Jean, how different it would be! I shouldn't
have a single trouble left in the world, and life at The Priory would be
just delightful."
CHAPTER VI
Albums
"I want you to put something in my album, Patty," said Winnie Robinson
one afternoon, producing a dainty little volume reserved for souvenirs
of her friends. "You're clever at drawing, so please let it be a
picture, and if you can colour it, so much the better."
"I hope I shan't spoil your book," replied Patty, turning over the
leaves to look at the various artistic efforts and poetical quotations
with which about half the pages were filled.
"Of course you won't! I expect yours will be one of the nicest. I want
every girl in the class to either paint or write something, and then I
shall have a keepsake of the Upper Fourth. Maggie Woodhall drew this
pretty little dog, and Ella Johnson those roses, and Enid has promised
to make up a piece of poetry on purpose."
"It was only half a promise," declared Enid.
"Then you must write half a poem."
"Suppose the Muse deserts me?"
"Oh, rubbish!
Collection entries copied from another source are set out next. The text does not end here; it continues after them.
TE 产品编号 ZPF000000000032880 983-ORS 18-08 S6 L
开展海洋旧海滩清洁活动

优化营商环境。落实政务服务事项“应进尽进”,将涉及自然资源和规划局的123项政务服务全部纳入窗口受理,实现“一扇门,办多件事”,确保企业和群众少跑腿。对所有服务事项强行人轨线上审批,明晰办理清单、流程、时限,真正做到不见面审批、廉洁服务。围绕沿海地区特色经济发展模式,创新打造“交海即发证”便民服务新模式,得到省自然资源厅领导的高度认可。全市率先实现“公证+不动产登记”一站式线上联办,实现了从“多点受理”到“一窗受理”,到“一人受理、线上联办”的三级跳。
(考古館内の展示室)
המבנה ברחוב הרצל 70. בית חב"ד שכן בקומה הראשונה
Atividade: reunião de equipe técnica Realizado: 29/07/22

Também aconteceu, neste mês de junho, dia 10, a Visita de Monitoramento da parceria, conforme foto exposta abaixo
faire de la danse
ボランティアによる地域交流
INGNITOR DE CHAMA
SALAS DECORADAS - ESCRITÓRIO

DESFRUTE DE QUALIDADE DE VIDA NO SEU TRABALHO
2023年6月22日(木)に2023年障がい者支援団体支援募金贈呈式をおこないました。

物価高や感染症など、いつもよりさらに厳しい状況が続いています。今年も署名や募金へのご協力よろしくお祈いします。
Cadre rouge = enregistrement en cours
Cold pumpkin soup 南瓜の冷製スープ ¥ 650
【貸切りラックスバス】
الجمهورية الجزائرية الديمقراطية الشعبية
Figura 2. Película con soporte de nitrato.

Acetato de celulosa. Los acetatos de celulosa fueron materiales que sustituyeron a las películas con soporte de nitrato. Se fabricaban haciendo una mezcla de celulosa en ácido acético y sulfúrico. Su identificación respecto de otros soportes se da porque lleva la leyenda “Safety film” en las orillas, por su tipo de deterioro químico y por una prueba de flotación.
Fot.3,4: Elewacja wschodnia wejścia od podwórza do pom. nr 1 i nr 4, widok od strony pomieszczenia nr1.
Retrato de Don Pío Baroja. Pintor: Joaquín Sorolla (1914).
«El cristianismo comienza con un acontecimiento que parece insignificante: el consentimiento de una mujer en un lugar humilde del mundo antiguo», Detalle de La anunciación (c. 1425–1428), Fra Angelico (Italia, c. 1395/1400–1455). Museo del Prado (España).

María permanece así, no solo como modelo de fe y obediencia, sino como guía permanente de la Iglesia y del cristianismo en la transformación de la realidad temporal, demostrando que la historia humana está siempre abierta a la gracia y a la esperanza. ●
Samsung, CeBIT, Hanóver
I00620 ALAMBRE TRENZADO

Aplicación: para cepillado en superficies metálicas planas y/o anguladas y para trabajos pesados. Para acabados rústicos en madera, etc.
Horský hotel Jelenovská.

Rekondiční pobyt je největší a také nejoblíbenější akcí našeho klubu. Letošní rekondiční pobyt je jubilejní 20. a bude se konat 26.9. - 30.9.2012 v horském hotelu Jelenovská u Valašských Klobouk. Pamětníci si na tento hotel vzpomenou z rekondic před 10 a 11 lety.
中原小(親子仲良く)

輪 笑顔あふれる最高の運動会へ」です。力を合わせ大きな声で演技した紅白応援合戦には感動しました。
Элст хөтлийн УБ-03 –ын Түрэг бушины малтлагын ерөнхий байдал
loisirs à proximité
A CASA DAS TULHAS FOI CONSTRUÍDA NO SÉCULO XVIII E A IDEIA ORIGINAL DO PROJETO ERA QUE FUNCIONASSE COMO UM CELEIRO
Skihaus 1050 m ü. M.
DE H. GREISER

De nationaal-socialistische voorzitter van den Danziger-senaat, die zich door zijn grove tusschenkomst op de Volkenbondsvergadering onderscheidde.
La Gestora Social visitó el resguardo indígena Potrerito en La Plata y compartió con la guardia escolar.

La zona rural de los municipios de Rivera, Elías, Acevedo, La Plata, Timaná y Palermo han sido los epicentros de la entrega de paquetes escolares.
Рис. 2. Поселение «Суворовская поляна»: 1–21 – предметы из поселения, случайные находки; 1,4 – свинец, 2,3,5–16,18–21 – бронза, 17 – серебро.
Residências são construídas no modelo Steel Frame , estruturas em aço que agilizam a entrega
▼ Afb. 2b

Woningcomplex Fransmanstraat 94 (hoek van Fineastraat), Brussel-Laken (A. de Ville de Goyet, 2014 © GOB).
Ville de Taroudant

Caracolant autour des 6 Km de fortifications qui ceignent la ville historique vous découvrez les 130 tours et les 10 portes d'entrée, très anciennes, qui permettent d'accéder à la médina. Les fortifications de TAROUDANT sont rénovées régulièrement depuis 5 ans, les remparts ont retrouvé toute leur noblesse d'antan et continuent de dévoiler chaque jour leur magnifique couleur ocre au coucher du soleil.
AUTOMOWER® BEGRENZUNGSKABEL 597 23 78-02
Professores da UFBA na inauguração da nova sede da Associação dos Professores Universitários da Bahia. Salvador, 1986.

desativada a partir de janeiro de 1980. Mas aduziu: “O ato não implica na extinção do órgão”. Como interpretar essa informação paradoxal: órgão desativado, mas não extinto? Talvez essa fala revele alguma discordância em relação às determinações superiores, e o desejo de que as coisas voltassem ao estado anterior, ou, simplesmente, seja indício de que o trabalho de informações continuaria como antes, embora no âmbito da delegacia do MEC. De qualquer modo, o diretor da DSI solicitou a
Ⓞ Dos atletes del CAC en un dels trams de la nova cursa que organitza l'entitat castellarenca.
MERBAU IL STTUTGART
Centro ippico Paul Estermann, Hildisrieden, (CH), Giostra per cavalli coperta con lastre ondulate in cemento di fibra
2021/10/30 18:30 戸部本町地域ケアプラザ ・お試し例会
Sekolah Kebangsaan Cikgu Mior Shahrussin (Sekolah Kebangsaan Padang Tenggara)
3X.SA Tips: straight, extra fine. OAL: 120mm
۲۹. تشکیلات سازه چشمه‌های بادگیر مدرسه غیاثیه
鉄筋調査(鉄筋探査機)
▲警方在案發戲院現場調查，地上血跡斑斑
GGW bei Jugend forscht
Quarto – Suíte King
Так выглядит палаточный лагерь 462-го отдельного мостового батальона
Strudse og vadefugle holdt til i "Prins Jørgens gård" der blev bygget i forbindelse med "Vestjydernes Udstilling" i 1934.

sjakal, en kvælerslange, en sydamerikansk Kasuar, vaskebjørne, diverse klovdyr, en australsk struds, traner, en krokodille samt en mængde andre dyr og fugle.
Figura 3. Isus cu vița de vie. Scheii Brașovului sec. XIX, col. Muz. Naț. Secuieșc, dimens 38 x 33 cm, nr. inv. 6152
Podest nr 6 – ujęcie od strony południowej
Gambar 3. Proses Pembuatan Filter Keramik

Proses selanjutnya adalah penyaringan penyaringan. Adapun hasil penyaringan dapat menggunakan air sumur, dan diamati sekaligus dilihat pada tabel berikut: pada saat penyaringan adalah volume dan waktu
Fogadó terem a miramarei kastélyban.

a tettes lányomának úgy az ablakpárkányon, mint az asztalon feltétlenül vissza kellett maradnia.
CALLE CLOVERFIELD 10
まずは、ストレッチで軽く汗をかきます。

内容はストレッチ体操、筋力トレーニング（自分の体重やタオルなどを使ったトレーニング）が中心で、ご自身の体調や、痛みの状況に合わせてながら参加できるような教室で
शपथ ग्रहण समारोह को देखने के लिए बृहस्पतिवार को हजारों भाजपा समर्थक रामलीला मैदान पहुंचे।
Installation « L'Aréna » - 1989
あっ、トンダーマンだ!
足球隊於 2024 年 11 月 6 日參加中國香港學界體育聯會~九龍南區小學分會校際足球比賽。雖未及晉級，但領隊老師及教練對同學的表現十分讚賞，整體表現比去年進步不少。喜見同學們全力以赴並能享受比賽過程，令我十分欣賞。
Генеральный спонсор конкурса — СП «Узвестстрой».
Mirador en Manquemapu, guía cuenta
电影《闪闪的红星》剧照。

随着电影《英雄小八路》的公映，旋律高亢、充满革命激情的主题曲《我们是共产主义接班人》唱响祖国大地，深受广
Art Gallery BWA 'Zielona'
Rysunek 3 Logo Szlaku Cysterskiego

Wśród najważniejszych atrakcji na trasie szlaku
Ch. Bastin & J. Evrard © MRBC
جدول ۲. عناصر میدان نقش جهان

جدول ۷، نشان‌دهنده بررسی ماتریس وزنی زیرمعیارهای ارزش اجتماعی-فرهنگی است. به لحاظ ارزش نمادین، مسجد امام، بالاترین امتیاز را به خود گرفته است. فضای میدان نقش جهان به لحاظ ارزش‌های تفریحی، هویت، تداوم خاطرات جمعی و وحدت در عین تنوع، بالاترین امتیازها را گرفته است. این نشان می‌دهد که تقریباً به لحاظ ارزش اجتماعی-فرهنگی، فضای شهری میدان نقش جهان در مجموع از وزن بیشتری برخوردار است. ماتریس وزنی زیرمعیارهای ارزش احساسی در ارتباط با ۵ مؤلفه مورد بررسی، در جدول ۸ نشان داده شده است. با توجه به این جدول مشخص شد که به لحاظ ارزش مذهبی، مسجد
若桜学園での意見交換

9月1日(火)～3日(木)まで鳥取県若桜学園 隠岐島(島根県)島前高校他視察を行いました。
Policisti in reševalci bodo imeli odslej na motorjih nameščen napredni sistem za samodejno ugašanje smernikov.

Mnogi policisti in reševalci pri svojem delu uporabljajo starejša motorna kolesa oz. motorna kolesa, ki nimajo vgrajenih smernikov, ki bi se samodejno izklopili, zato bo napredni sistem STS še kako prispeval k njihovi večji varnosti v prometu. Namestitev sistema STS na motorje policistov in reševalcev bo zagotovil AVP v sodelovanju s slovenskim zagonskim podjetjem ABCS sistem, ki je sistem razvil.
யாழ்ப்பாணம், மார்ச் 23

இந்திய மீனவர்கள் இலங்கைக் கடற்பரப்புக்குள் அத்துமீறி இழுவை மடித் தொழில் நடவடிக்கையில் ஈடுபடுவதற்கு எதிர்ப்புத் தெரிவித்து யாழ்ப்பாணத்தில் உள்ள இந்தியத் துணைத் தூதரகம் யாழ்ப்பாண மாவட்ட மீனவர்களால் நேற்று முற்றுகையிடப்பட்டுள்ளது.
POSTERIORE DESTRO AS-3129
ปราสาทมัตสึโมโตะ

You can always make up verses. They seem to flow just as
if you turned on a tap."
"Have you an album, Patty?" enquired Avis.
"No," said Patty. "I never saw one like Winnie's before. It's something
quite new to me."
"Oh! then you must get one. They're the fashion just at present, and
every girl in the class has one."
"We're rather fond of fads at The Priory," explained Winnie. "We have a
rage for some particular thing, and are quite silly over it for a while,
until we grow tired of it, and take up something else. This is about the
fifth craze since I've been at the school. They never last long."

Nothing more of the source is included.